Try it = Retype, word for word, the lines from the first line of the entries through the line that holds "Now that the"; leave out the pictures.

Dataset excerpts
· · · ·

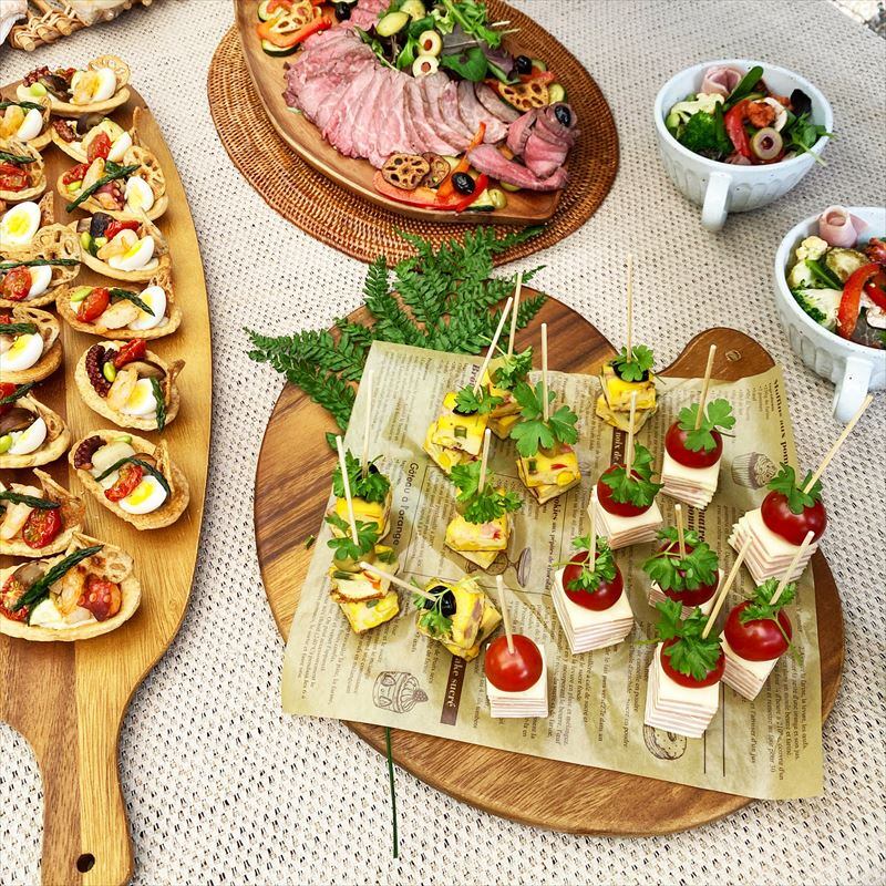 ・鍋やフライパンをそのまま置いたり、ピザやパン、チーズやサラダをそのままのせるだけでも、見た目も華やかなパーティー仕様に見えるサービングボードです。
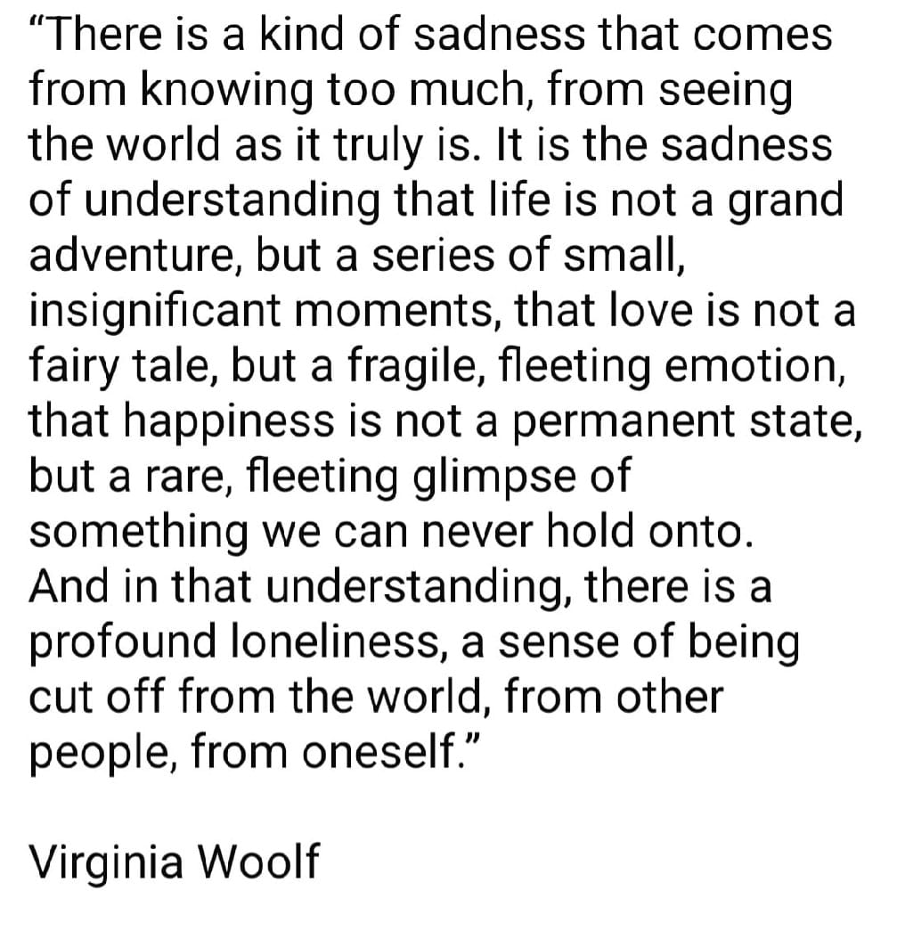 Vandag plaas ek nie ’n gedig nie, maar ’n aanhaling van Virginia Woolf wat dit so raak en droef opsom; tyd, die lewe, die oomblik:
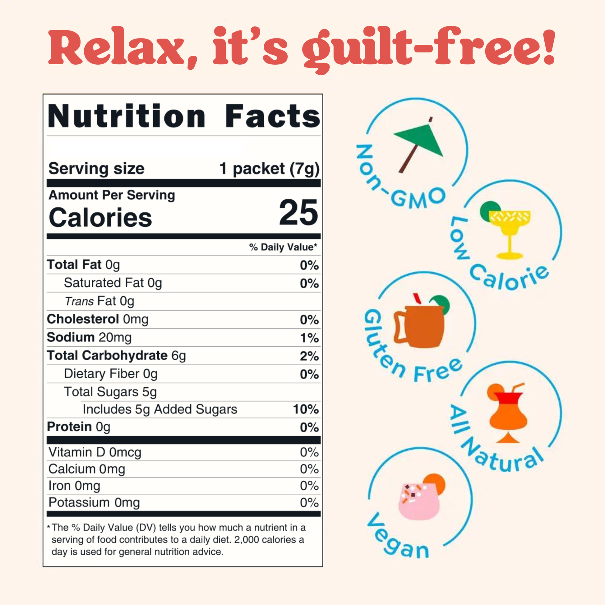 Create a skinny mix with no health shame! Our products are made with natural ingredients and are low sugar, low calorie, gluten free, soy free, vegan, fat free, cholesterol free, dairy free, non GMO, and made in the USA.
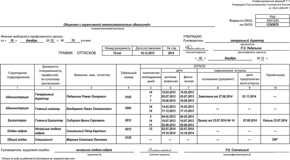График отпусков должен быть подписан начальником кадровой службы и утвержден руководителем.
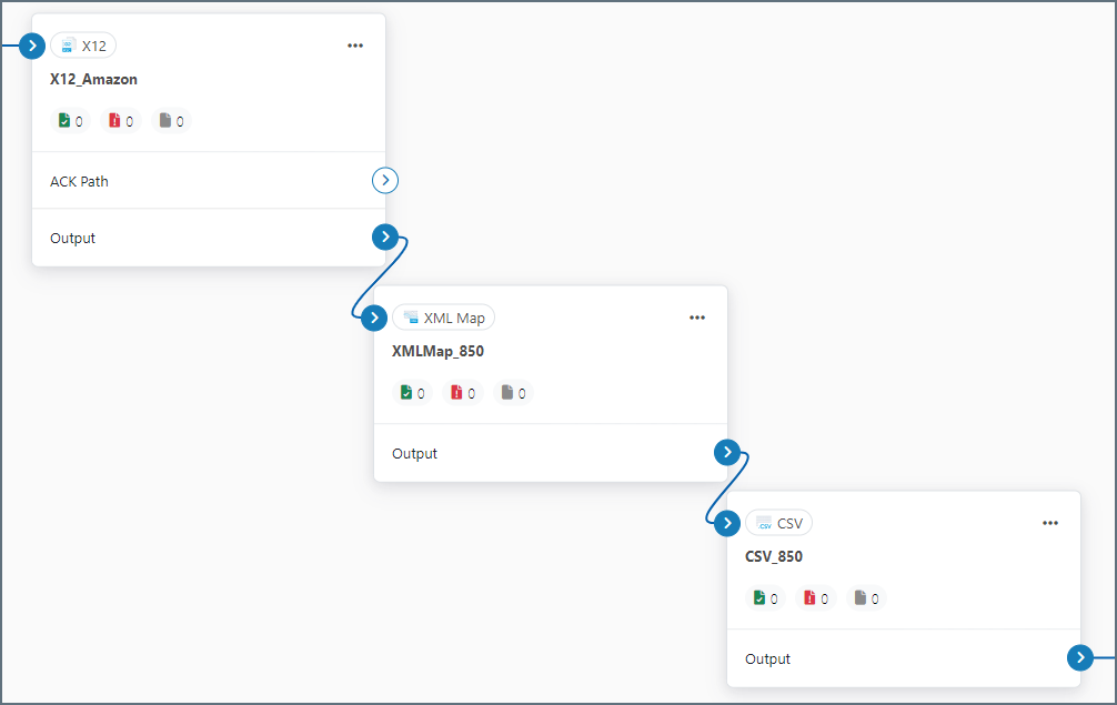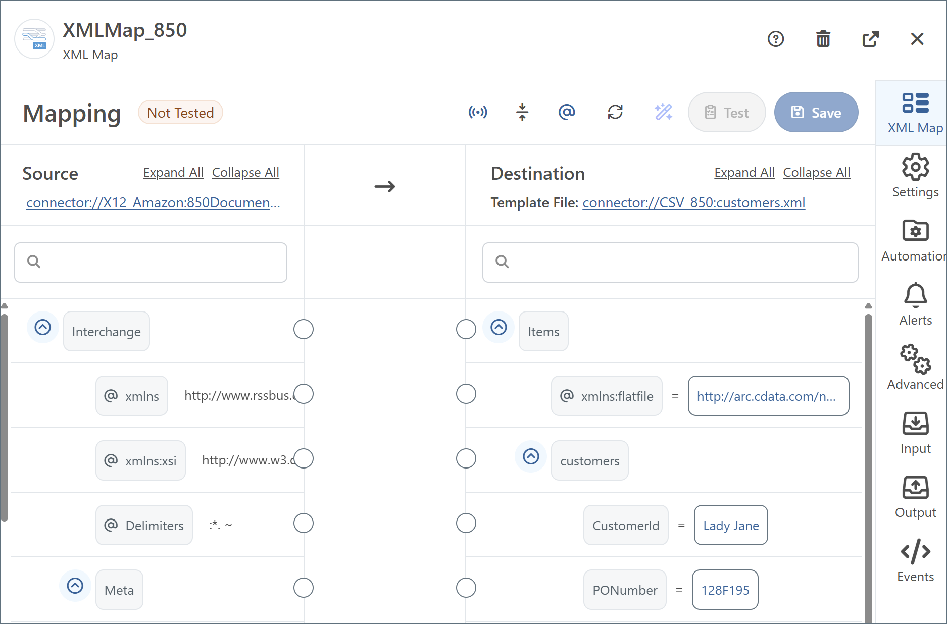 Now that the X12 connector and CSV connectors have generated XML models of the source and destination documents, use the XML Map connector to transform one XML structure into the other.
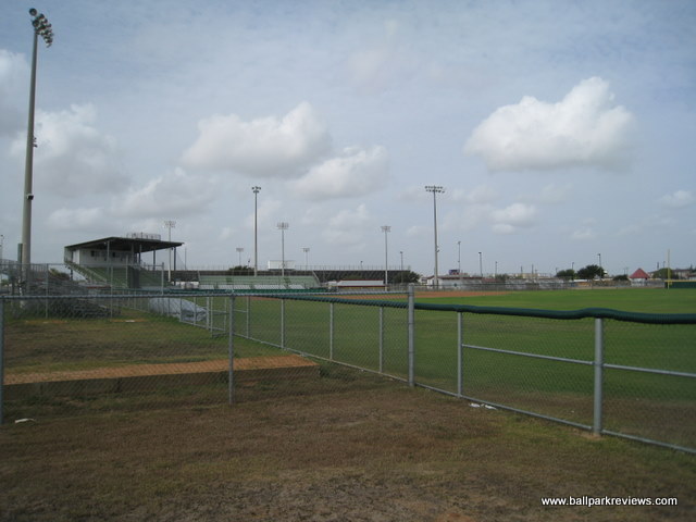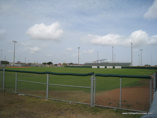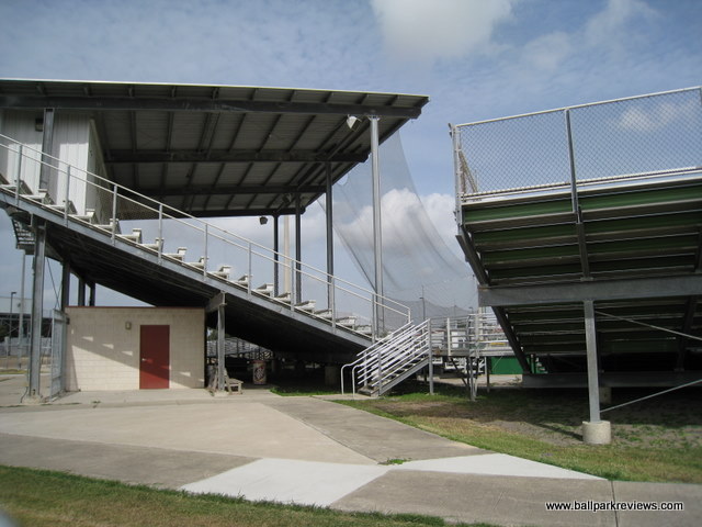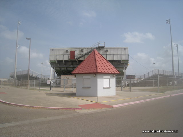 | Cabaniss Field last hosted professional baseball in 1995 when it was home to the Corpus Christ Barracudas of the Texas-Louisiana League. It also hosted teams for a brief period during the 1970's. Never suited for pro baseball, Corpus Christi finally get a real ballpark in 2005 with the building of Whataburger Field. Cabaniss Field is an all metal ballpark with a small covering on the grandstand behind home plate. I was unable to get inside during my 2008 visit. |
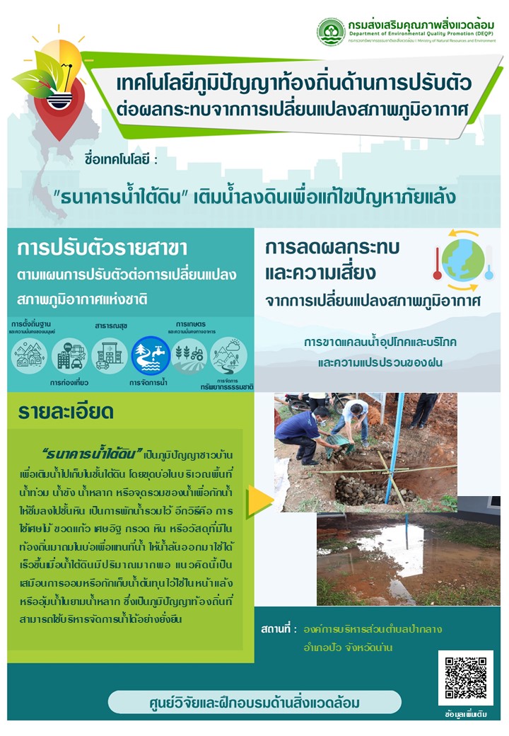 "ธนาคารน้ำใต้ดิน" เติมน้ำลงดินเพื่อแก้ไขปัญหาภัยแล้ง

· · · ·

Problem solution =
 ・鍋やフライパンをそのまま置いたり、ピザやパン、チーズやサラダをそのままのせるだけでも、見た目も華やかなパーティー仕様に見えるサービングボードです。
 Vandag plaas ek nie ’n gedig nie, maar ’n aanhaling van Virginia Woolf wat dit so raak en droef opsom; tyd, die lewe, die oomblik:
 Create a skinny mix with no health shame! Our products are made with natural ingredients and are low sugar, low calorie, gluten free, soy free, vegan, fat free, cholesterol free, dairy free, non GMO, and made in the USA.
График отпусков должен быть подписан начальником кадровой службы и утвержден руководителем.
 Now that the X12 connector and CSV connectors have generated XML models of the source and destination documents, use the XML Map connector to transform one XML structure into the other.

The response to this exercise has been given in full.